I snap myself back to that moment in time when I’m about to convince them to let me go to the BLM protests. Before I could even ask, I overhear my brother, who is two years younger than me, defending my decision to go. I can hear myself in his arguments, and I was endearingly touched by this sentiment because not only was I able to get to my parents throughout the years, but I also got through to my brother. I ended up participating in the BLM protests happening in my city, knowing fully that I have my family's support in the matter. Knowing that my family is straying further from colorist/racial attitudes that uphold white supremacist ideologies, makes me feel hopeful that others can do it too. Like my mom’s garden, the more you water and nourish your plants, the likelihood that they will bloom is more probable than not.

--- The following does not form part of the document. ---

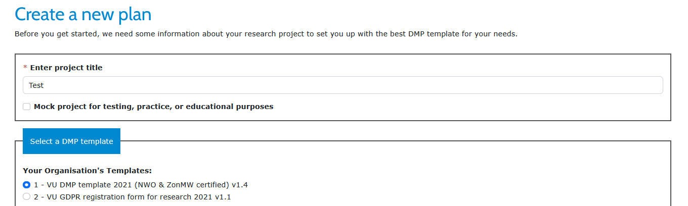 If you’re aiming to write a full DMP based on VU Amsterdam DMP template, please make sure you don’t select the GDPR registration form.

Although not all plants may grow under the same conditions, you’ll still be able to create a garden with the ones that do. 


References

Natividad, Beverly Romero. “Rendering whiteness visible in the Filipino culture through skin whitening cosmetic advertisements.

NPR. “American Indian Boarding Schools Haunt Many.

NPR. “Housing Segregation and Redlining in America: A Short History.

Judge Magazine. "The Filipinos First Bath.” Wikimedia Commons.

Youtube. “Skin Whitening Commercials.